* **INSTRUCTIONS TO FOLLOW**:
The lines below must be transcribed exactly as given, with the images removed.

# # #

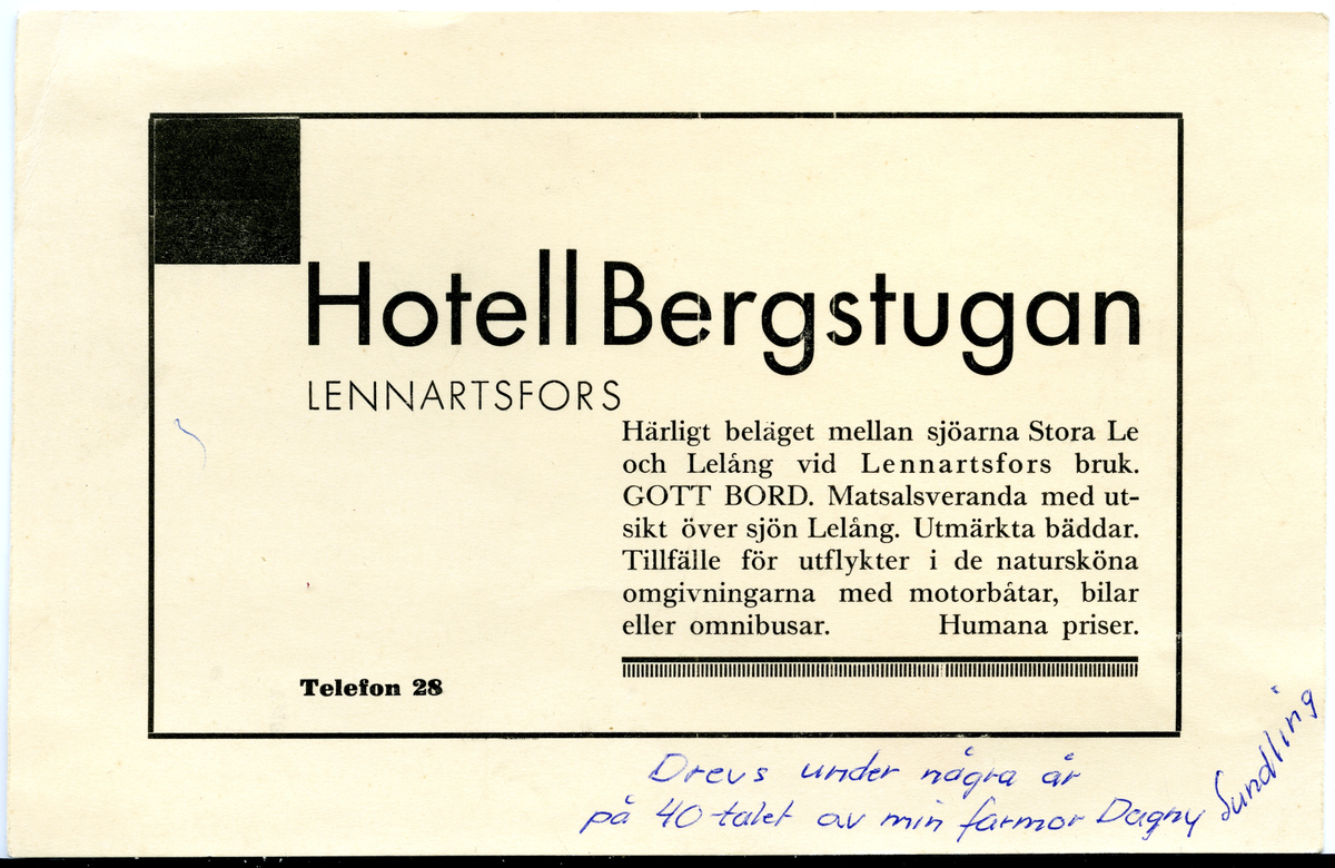 Annons för Bergstugan som drevs av Dagny Sundling.
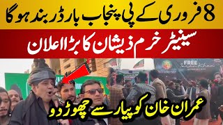 Senator Khurram Zeeshan Big Announcment | KPK vs Punjab Border | 8 Feb 2026 Protest | PTI Today News
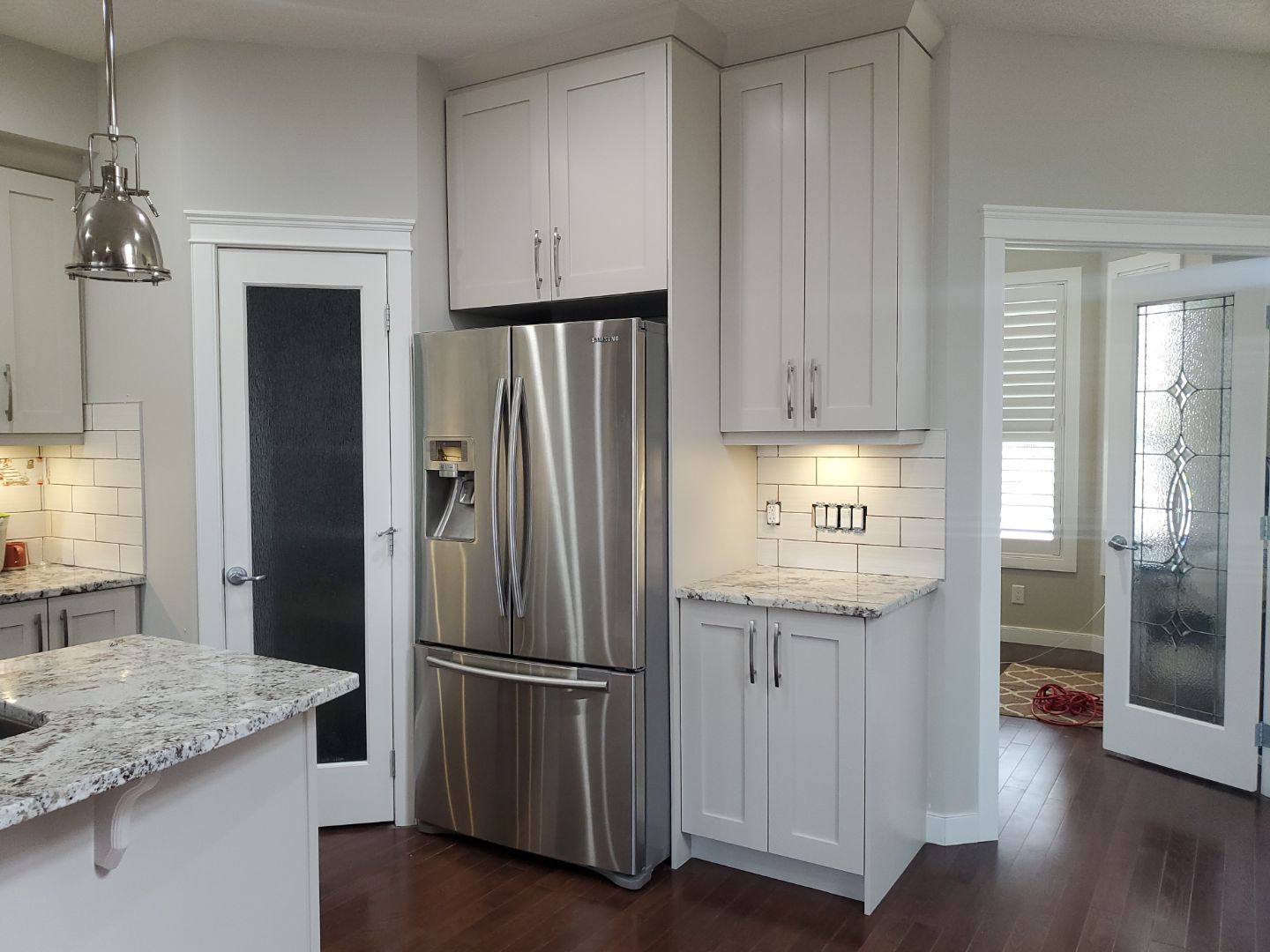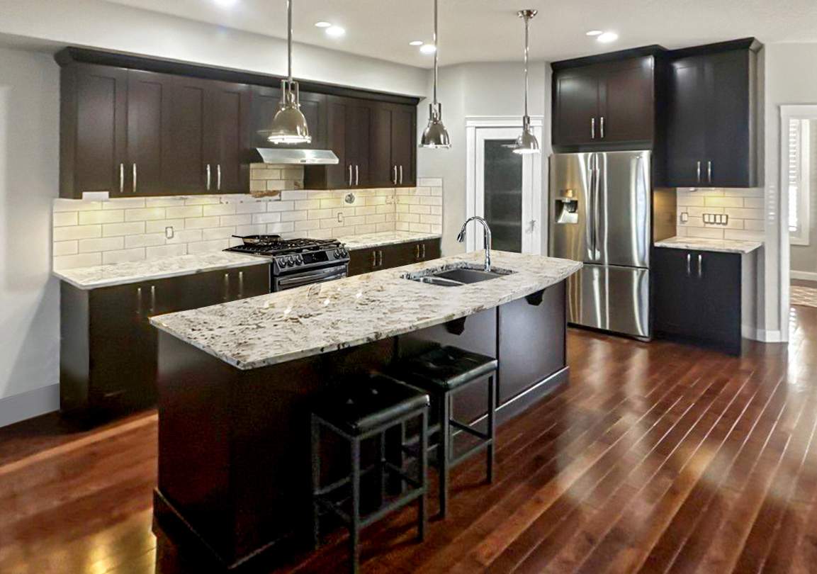The finished kitchen is a true show-stopper. The updated cabinet colour made the space feel brighter, more welcoming, and visually striking without overpowering the room. Depending on the time of day and lighting, the cabinets display subtle shifts in tone, adding depth and interest. The kitchen now confidently serves as the focal point of the main floor, just as the home’s design intended.
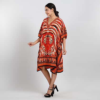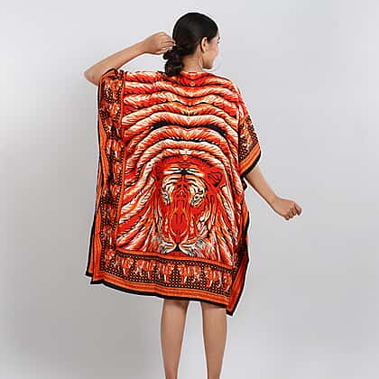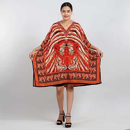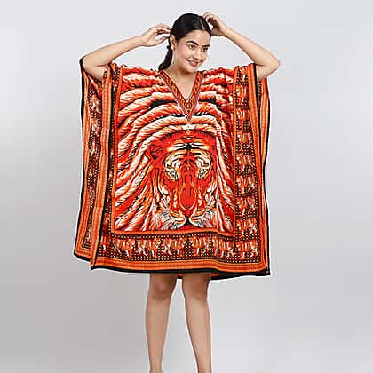 JOVIE Tropic Tiger Printed Short Kaftan (Size 95x80 Cm) - Orange & Multi
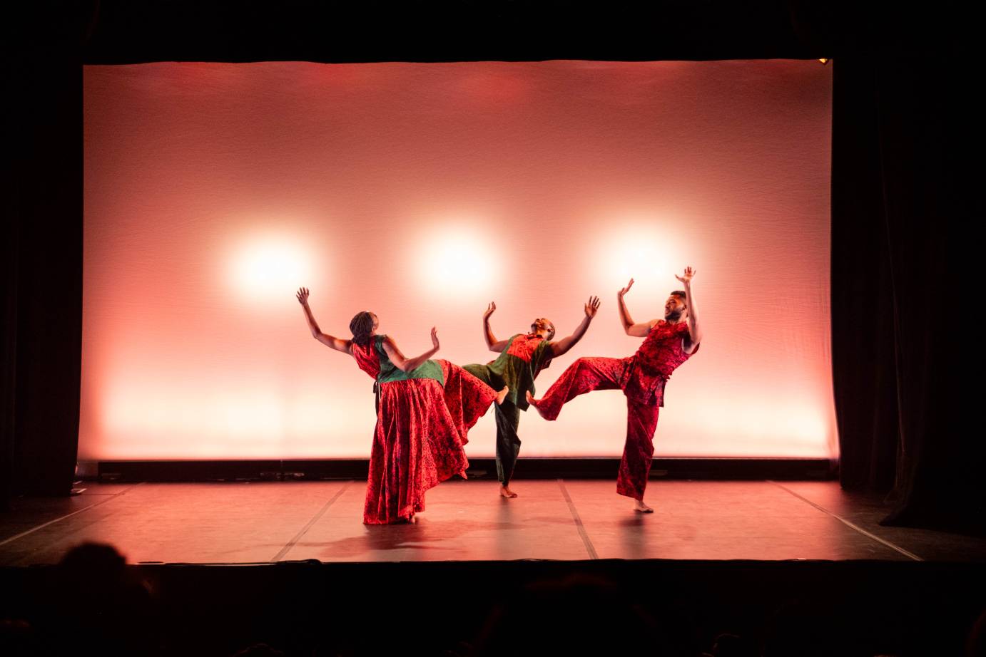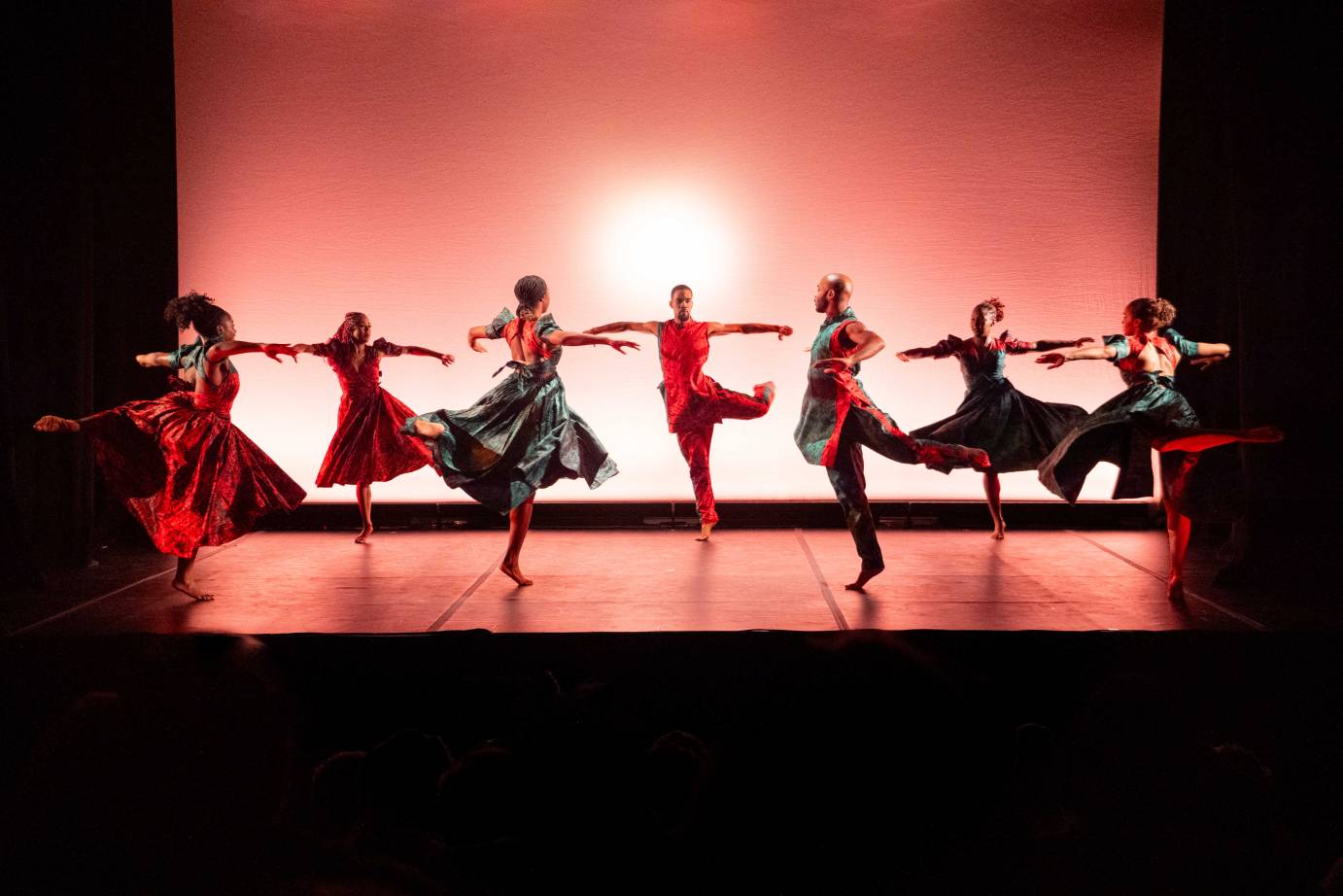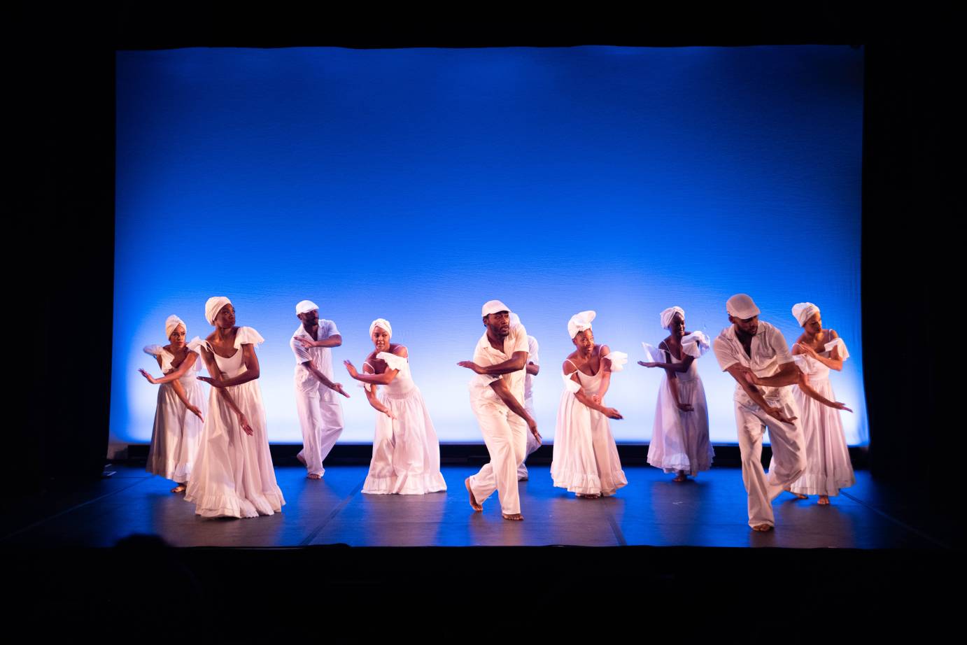 As the lights rise again, the performers appear dressed in flowing white outfits. The color white introduces a visual language of purity, healing, ancestors, and passage into the spiritual realm. Shaking and rattling their fabric in unison, they fill the stage with motion, rhythm, and triumph.
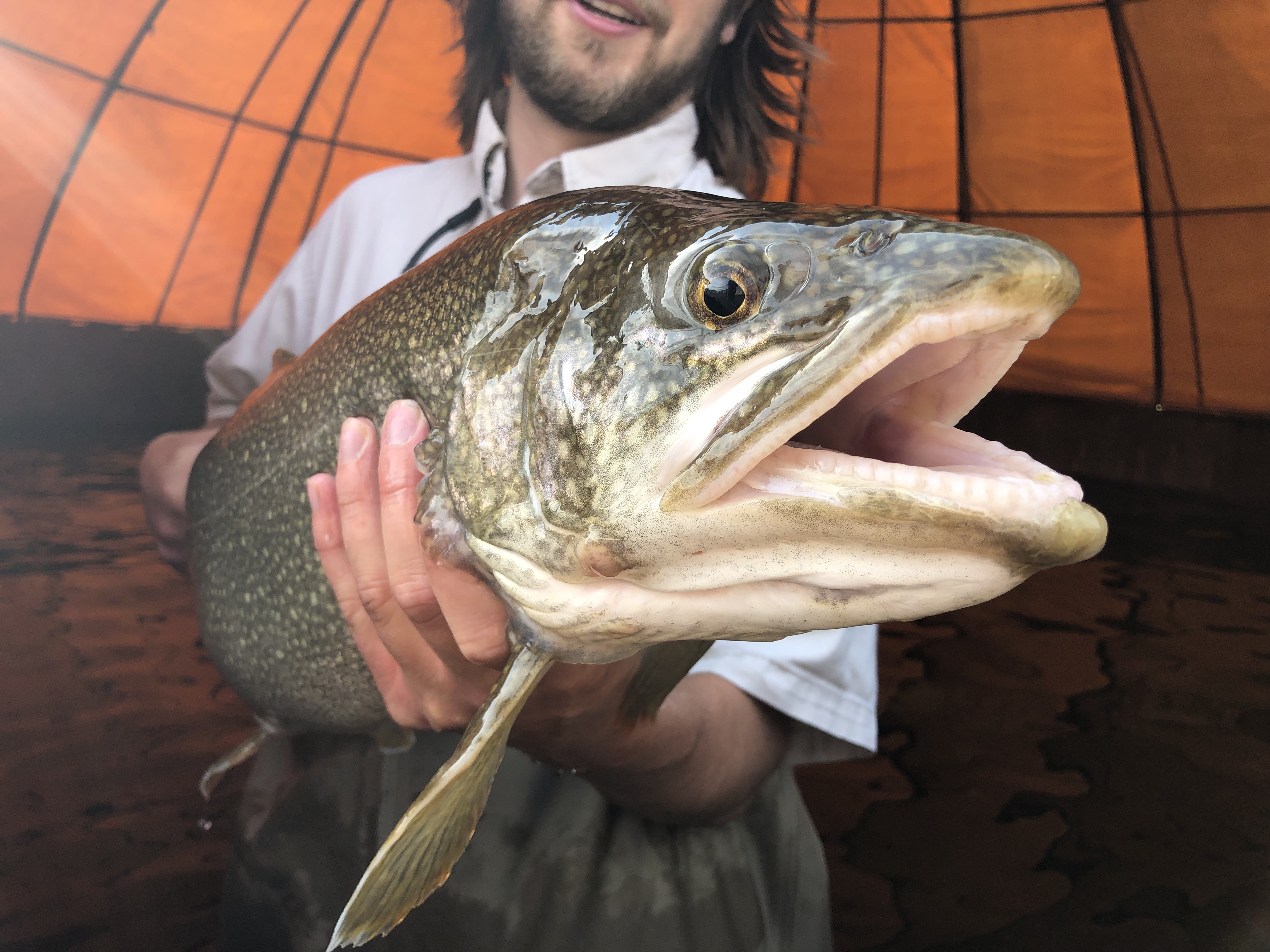 Biological Science Technician Paul Boynton holding an adult Lake Trout reared at the White River National Fish Hatchery in Vermont.

# # #

* **ANSWER**:
 Annons för Bergstugan som drevs av Dagny Sundling.
 Senator Khurram Zeeshan Big Announcment | KPK vs Punjab Border | 8 Feb 2026 Protest | PTI Today News
The finished kitchen is a true show-stopper. The updated cabinet colour made the space feel brighter, more welcoming, and visually striking without overpowering the room. Depending on the time of day and lighting, the cabinets display subtle shifts in tone, adding depth and interest. The kitchen now confidently serves as the focal point of the main floor, just as the home’s design intended.
 JOVIE Tropic Tiger Printed Short Kaftan (Size 95x80 Cm) - Orange & Multi
 As the lights rise again, the performers appear dressed in flowing white outfits. The color white introduces a visual language of purity, healing, ancestors, and passage into the spiritual realm. Shaking and rattling their fabric in unison, they fill the stage with motion, rhythm, and triumph.
 Biological Science Technician Paul Boynton holding an adult Lake Trout reared at the White River National Fish Hatchery in Vermont.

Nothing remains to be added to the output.